Bluetooth Marketing Blog

A commenter on this blog recently expressed a strong concern about security when offering Bluetooth marketing services in public places. The commenter was concerned that consumers would be inundated with hacker generated unwanted downloads akin to SPAM called bluejacking. Along with this is another security concern called bluebugging where a phone hijacked to make free calls.  An even worse concern is the possibility of a hacker stealing address books or other personal information from a consumers’ phone – which is called bluesnarfing.

Clearly the belts and braces method of preventing any of these occurring is, of course, for you have your Bluetooth radio turned off on your phone or your discoverability turned off. But honestly, this is the equivalent of telling a PC user that if they are to avoid security problems then they should not connect to the Internet! It’s just not that realistic as good advice now that Bluetooth usage is so widespread extending even to cars.

The point at issue here is that nobody can ever avoid the possibility of their security being compromised somewhere along the line as its one of the characteristics of living in the 21^st century. Moreover, no service provider, standards provider or software author could ever guarantee that their systems are 100% secure. If they did, nobody would believe them. We only need to look at the number of never-ending security patches we receive each month from Microsoft to see that.

Let’s get back to bluejacking, bluebugging bluesnarfing. I am interested in getting a better understanding of whether they are of real concern in 2009 even though, from Hypertag’s perspective, we have never had an identifiable example of this in all the years of running large Bluetooth marketing campaigns around the world.

When a Bluetooth radio on a mobile phone is turned on, there are two ways a hacker can possibly interact with that phone; through the use of OBEX and through pairing.

OBEX or Object Exchange: This is the Bluetooth mobile phone standard for exchanging business cards, data or even applications and this is the technology that Hypertag uses to download content if the consumer actively decides they wish to accept it onto their mobile phone.

It should be remembered that even if the consumer is highly concerned about security and has their Bluetooth radio on their mobile turned off they can still safely interact with a Hypertag content server though OBEX.

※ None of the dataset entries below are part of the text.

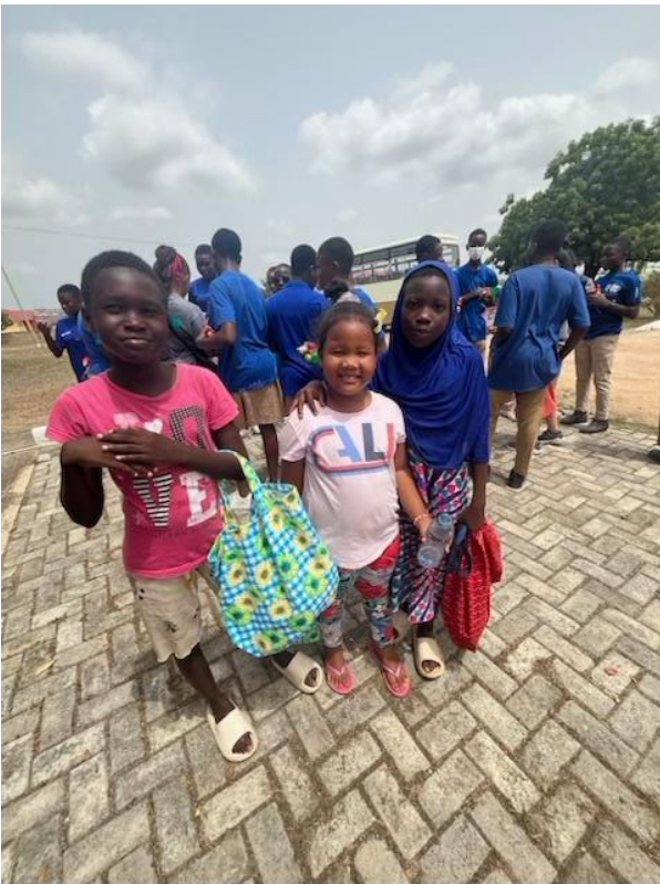
Flowered fabric on one of the cloth bags
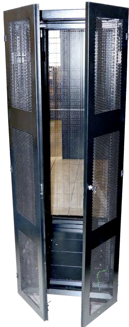
Saloon type rear doors
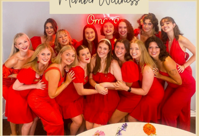
GAMMA TAU (OKLAHOMA CITY UNIVERSITY)
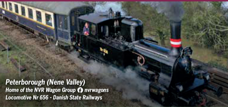
Peterborough (Nene Valley) Home of the NVR Wagon Group nvrwagons Locomotive Nr 656 - Danish State Railways
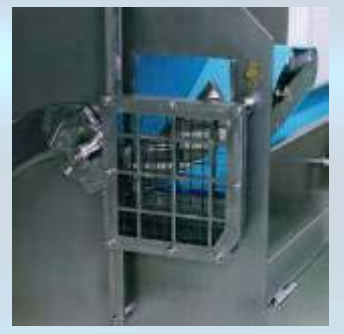
Dicing set 12 or 20 mm
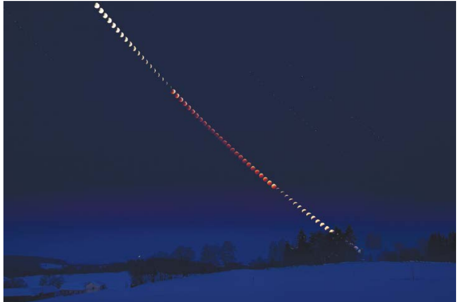
During a total lunar eclipse, the Moon travels first through the umbral (orange) and then the penumbral (red) shadow of the Earth, becoming progressively darker and redder before returning to normal. This is a composite of a sequence of images of the 21 January 2019 total lunar eclipse as seen in Austria.

Last year’s so-called super blood wolf moon gave astronomers the chance to measure the spectrum of Earth’s atmosphere as if it were a transiting exoplanet, a feat that is possible only during a total lunar eclipse.
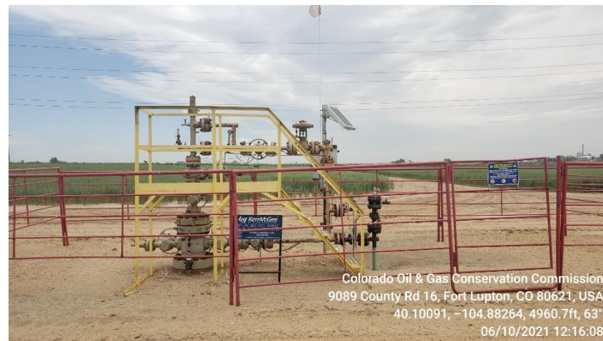
Photo 2 WH/sign

As they pass near a Hypertag content server, they will see a poster that asks them to “turn on their Bluetooth if they want to download the content on offer.” If they do, they will then receive an image that clearly identifies that they are connected to the Hypertag server and asks “whether they wish to down load the content.” Thus the consumer knows where the content is coming from. Once downloaded, the consumer is free to turn their Bluetooth radio off again or make it non-discoverable.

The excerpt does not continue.